> _Exercise objective_
In the data below, set down exactly the lines from the one containing "Men’s Silk Neckties" up to and including the one containing "Red kurta with". Leave the pictures out.

> _Supplied data_
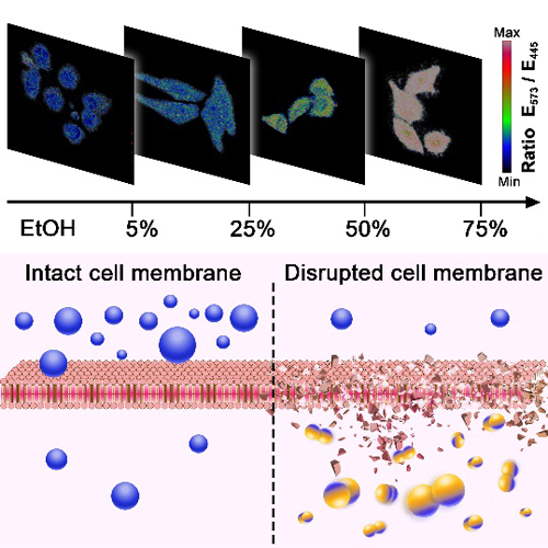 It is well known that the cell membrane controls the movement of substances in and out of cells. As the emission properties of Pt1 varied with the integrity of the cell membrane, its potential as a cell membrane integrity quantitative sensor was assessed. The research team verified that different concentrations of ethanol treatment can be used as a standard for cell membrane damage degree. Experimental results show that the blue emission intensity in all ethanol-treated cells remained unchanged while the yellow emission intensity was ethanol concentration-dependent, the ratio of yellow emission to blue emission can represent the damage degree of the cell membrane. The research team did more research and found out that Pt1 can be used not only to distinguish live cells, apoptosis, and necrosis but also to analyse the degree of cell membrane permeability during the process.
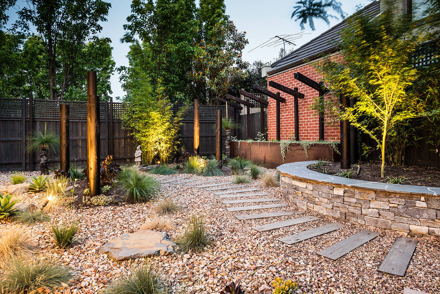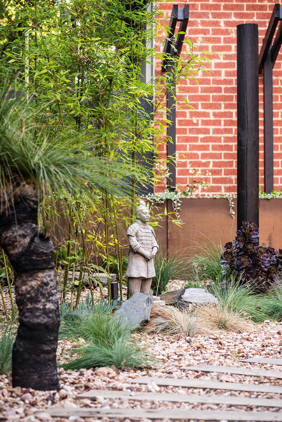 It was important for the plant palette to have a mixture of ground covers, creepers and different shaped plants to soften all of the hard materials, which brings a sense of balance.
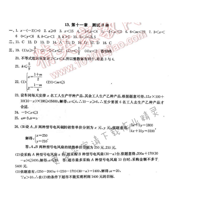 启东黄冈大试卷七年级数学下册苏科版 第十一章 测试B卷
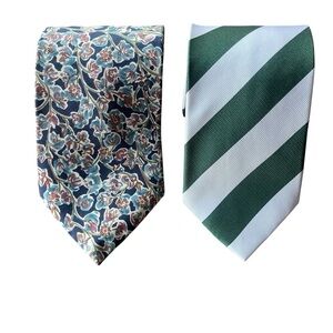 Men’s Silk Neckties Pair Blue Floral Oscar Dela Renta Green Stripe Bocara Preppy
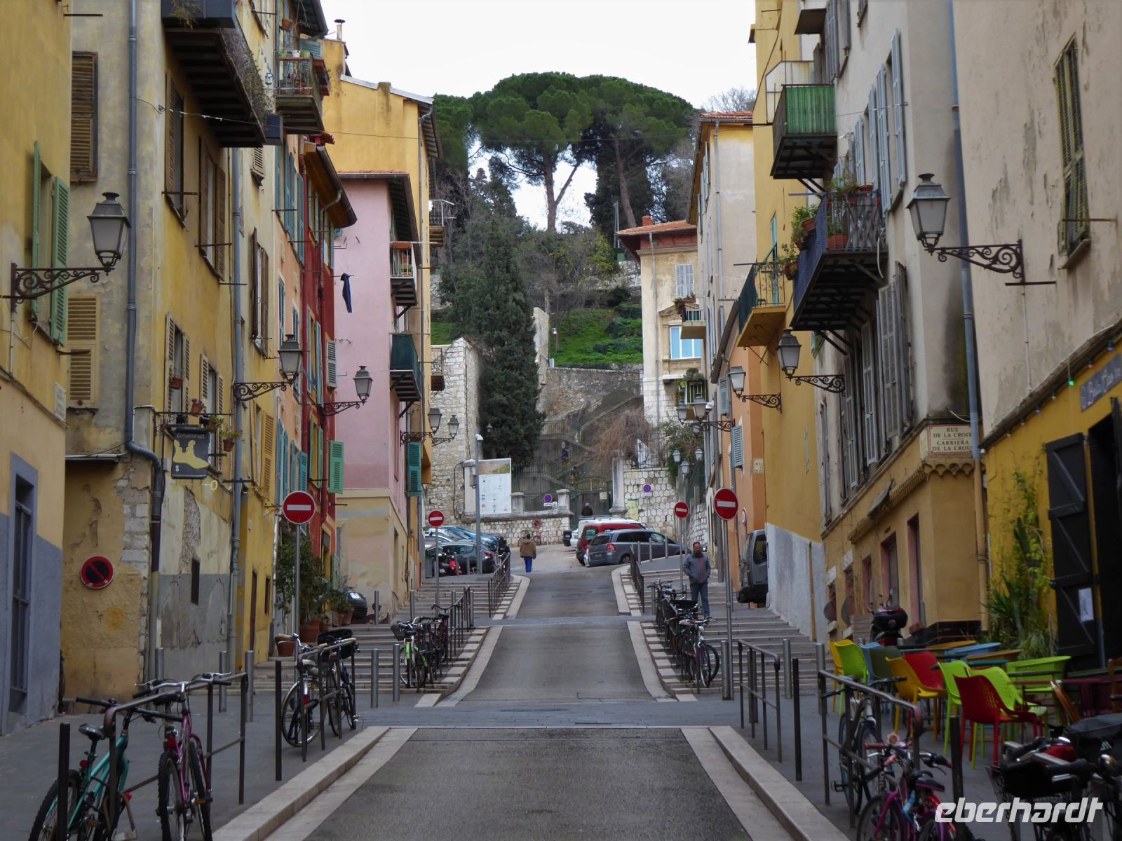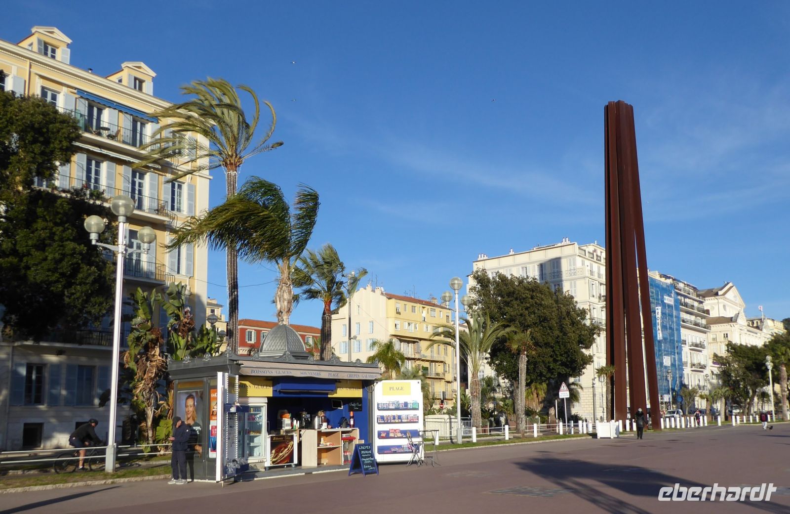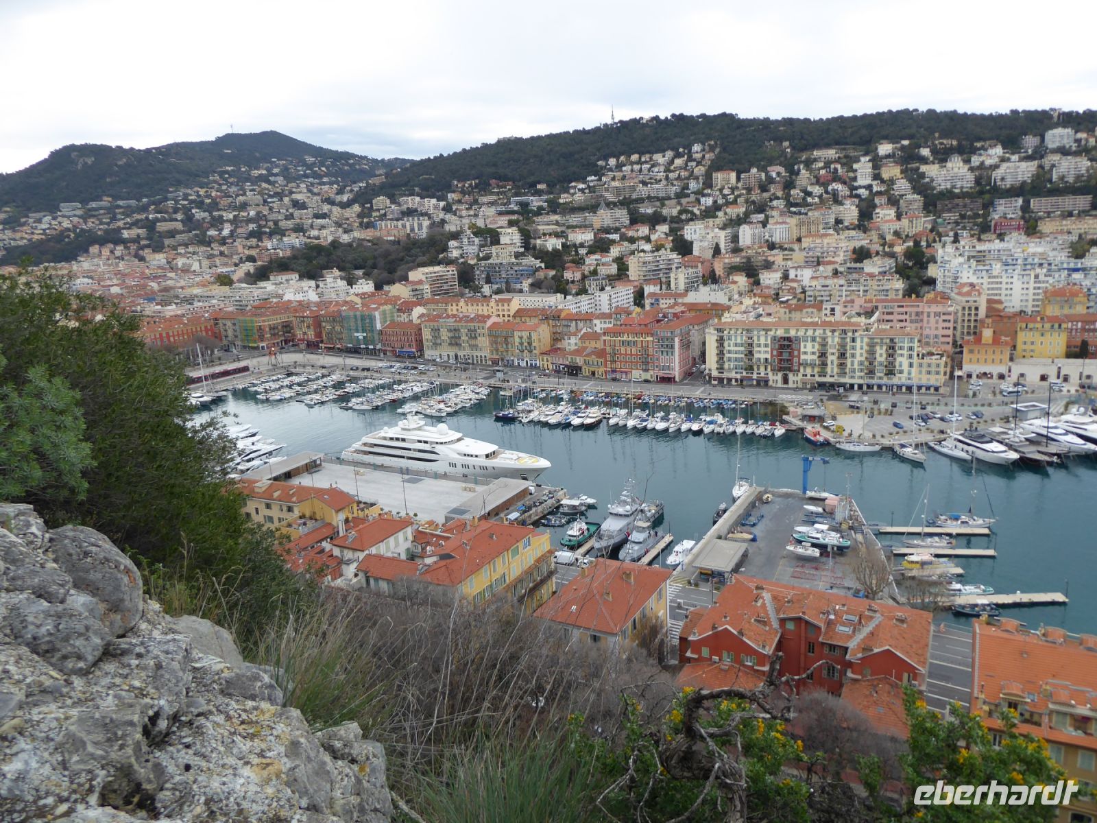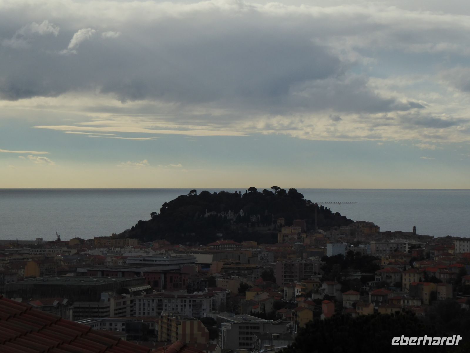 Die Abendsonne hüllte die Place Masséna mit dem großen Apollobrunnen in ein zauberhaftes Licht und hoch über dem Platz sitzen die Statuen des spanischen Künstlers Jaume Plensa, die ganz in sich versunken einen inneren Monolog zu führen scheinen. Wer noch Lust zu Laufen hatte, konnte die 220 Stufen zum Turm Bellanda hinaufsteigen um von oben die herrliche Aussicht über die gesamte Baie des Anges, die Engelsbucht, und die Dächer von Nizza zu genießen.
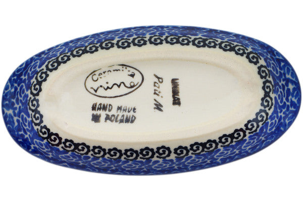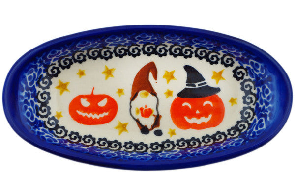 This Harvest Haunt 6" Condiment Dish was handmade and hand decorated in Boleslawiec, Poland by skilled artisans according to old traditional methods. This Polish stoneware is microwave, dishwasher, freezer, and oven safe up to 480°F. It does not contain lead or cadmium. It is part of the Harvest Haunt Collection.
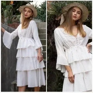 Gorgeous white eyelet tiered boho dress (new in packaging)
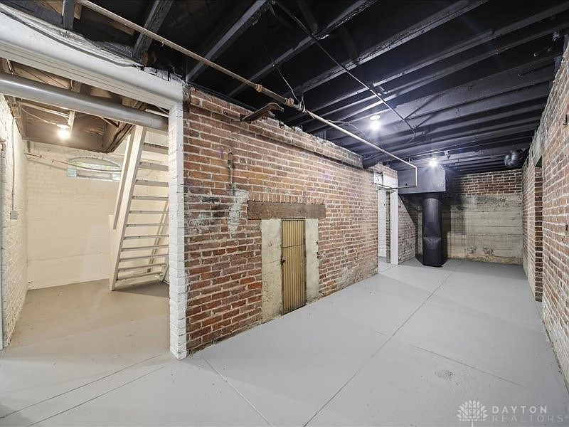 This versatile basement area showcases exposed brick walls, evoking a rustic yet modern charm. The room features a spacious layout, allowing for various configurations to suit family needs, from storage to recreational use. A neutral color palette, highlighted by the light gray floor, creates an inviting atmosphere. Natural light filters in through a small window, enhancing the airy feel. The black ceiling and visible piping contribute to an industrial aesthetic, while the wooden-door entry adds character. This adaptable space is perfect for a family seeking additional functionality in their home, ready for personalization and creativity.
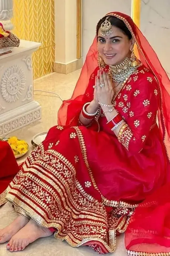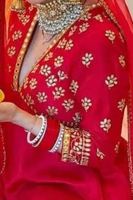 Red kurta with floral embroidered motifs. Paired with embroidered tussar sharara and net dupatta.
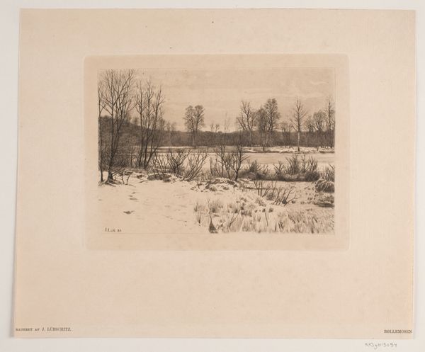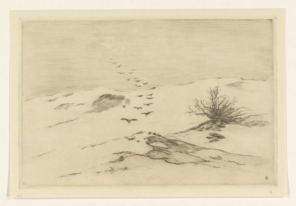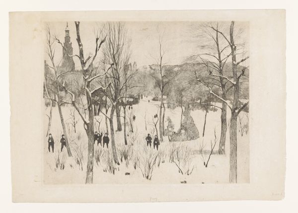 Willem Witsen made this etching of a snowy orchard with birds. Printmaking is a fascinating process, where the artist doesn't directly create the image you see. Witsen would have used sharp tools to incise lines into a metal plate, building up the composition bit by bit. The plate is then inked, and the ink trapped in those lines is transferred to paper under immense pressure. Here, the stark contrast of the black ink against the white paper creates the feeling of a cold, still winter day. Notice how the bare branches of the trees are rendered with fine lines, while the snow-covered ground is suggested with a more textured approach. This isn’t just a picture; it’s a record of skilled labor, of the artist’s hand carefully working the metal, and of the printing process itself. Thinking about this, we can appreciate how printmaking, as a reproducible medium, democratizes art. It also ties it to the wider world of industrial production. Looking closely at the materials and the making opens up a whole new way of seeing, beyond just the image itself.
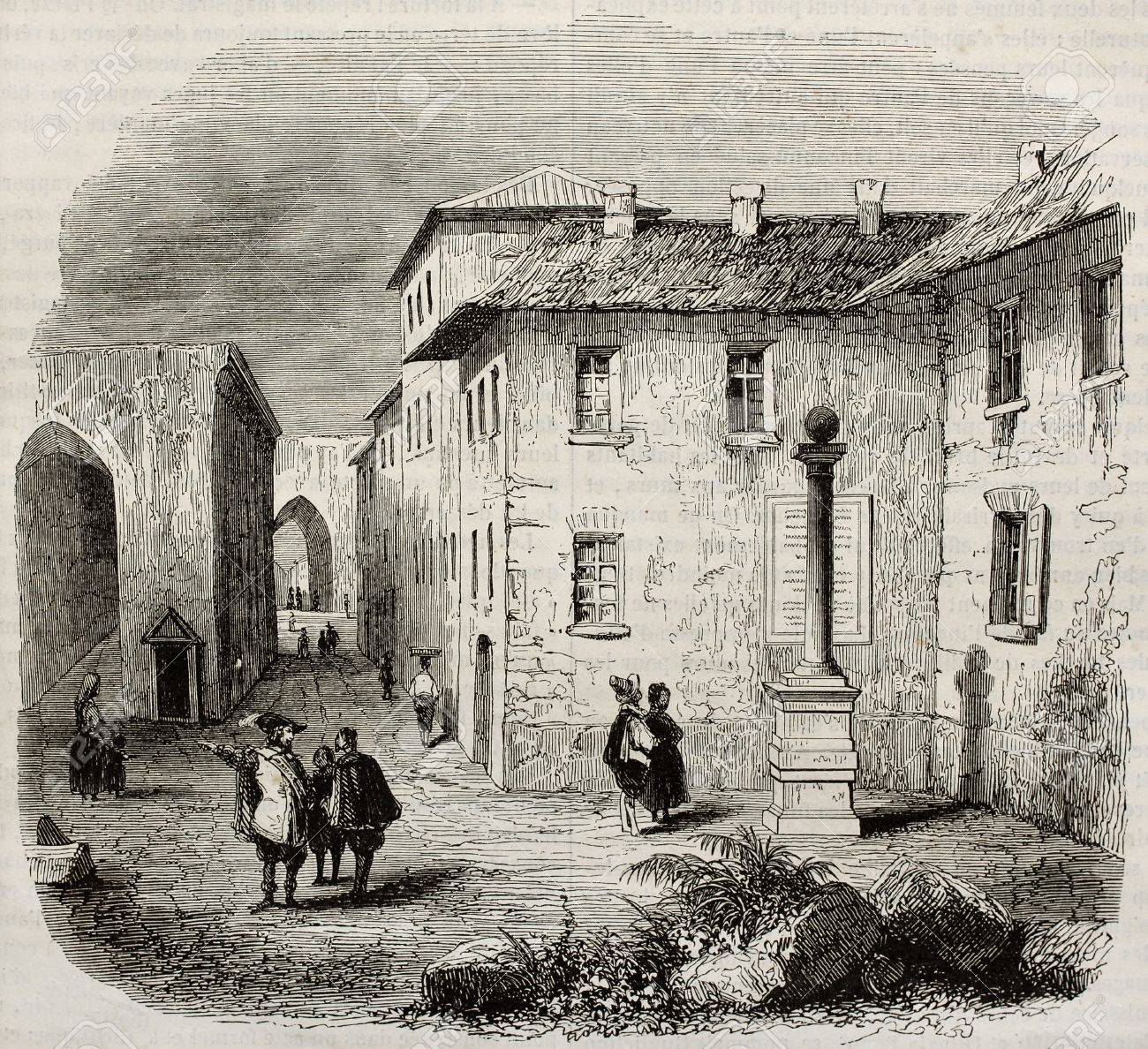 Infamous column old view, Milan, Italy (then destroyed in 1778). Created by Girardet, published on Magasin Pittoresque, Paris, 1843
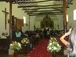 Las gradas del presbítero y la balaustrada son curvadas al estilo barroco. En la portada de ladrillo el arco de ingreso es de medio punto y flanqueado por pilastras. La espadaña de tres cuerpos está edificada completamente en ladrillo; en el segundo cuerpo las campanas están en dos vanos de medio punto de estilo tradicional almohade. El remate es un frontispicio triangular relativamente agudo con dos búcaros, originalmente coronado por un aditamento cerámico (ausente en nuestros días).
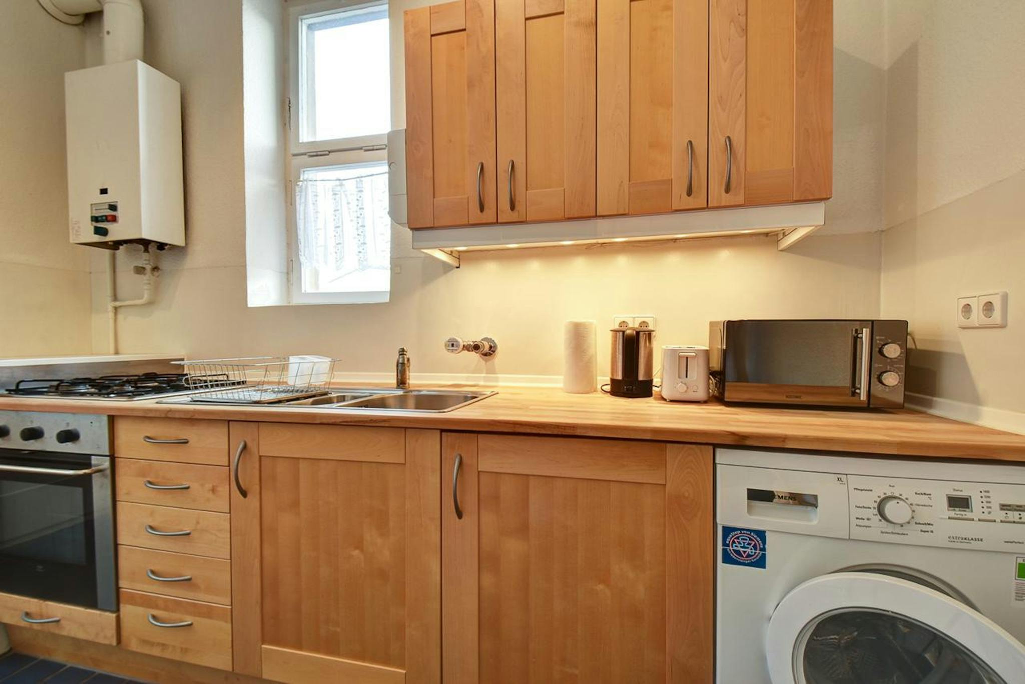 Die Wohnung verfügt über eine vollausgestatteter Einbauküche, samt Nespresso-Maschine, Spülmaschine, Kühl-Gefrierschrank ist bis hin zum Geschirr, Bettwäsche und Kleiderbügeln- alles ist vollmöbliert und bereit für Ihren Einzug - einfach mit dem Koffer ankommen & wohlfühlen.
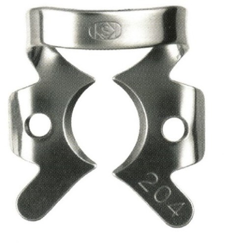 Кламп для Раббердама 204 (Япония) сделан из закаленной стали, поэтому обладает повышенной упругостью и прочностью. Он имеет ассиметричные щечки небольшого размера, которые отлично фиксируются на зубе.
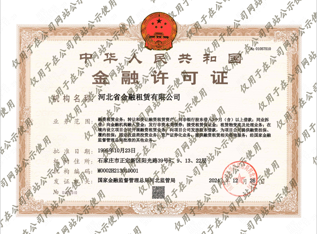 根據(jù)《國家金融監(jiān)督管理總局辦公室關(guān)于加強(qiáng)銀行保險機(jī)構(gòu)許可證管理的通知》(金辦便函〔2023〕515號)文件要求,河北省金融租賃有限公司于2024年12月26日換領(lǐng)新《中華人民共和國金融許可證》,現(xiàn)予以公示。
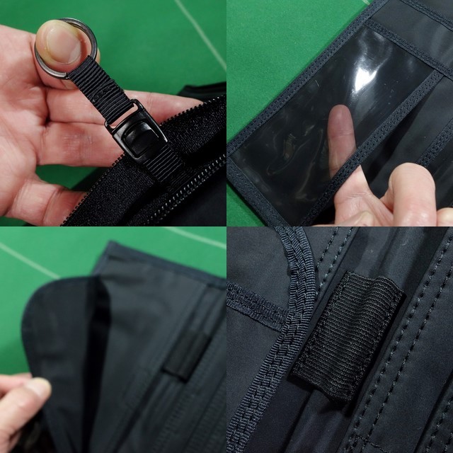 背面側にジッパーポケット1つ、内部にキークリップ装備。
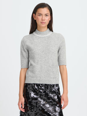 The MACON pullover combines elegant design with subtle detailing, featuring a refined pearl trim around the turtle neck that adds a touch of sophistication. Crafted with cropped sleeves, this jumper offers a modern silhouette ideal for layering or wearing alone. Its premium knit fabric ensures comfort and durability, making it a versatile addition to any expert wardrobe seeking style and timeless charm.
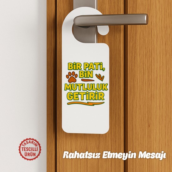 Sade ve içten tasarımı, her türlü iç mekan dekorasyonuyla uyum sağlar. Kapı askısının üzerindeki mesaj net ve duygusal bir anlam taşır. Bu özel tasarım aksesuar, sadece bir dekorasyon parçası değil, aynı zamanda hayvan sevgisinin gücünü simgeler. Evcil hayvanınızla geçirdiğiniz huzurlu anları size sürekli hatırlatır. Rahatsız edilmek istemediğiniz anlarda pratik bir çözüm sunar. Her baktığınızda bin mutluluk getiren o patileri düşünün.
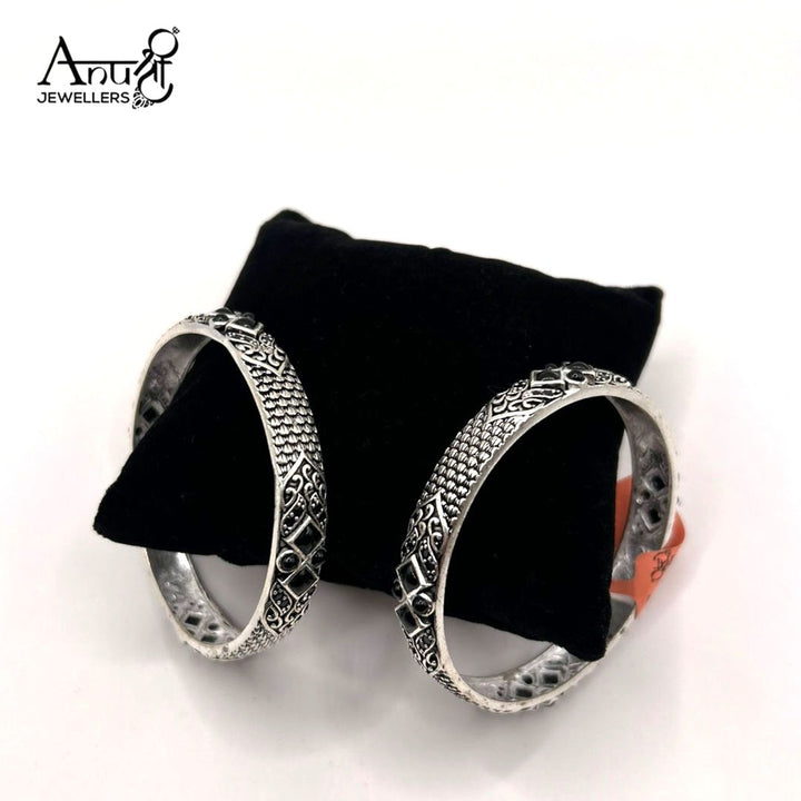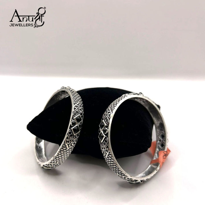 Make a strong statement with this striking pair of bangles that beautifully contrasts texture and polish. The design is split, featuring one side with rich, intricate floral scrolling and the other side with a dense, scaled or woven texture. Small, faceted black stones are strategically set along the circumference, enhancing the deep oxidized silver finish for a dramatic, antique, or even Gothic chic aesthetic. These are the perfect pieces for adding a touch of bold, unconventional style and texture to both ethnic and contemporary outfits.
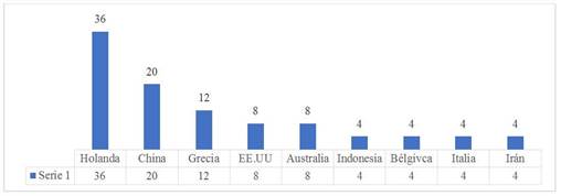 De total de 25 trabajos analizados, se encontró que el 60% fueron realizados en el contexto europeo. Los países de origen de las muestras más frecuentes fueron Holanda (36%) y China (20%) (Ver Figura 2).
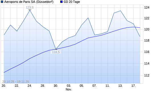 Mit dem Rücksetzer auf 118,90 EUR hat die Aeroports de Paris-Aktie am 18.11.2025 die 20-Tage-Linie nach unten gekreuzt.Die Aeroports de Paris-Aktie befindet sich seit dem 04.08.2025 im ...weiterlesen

> _Answer to this exercise_
 Men’s Silk Neckties Pair Blue Floral Oscar Dela Renta Green Stripe Bocara Preppy
 Die Abendsonne hüllte die Place Masséna mit dem großen Apollobrunnen in ein zauberhaftes Licht und hoch über dem Platz sitzen die Statuen des spanischen Künstlers Jaume Plensa, die ganz in sich versunken einen inneren Monolog zu führen scheinen. Wer noch Lust zu Laufen hatte, konnte die 220 Stufen zum Turm Bellanda hinaufsteigen um von oben die herrliche Aussicht über die gesamte Baie des Anges, die Engelsbucht, und die Dächer von Nizza zu genießen.
 This Harvest Haunt 6" Condiment Dish was handmade and hand decorated in Boleslawiec, Poland by skilled artisans according to old traditional methods. This Polish stoneware is microwave, dishwasher, freezer, and oven safe up to 480°F. It does not contain lead or cadmium. It is part of the Harvest Haunt Collection.
 Gorgeous white eyelet tiered boho dress (new in packaging)
 This versatile basement area showcases exposed brick walls, evoking a rustic yet modern charm. The room features a spacious layout, allowing for various configurations to suit family needs, from storage to recreational use. A neutral color palette, highlighted by the light gray floor, creates an inviting atmosphere. Natural light filters in through a small window, enhancing the airy feel. The black ceiling and visible piping contribute to an industrial aesthetic, while the wooden-door entry adds character. This adaptable space is perfect for a family seeking additional functionality in their home, ready for personalization and creativity.
 Red kurta with floral embroidered motifs. Paired with embroidered tussar sharara and net dupatta.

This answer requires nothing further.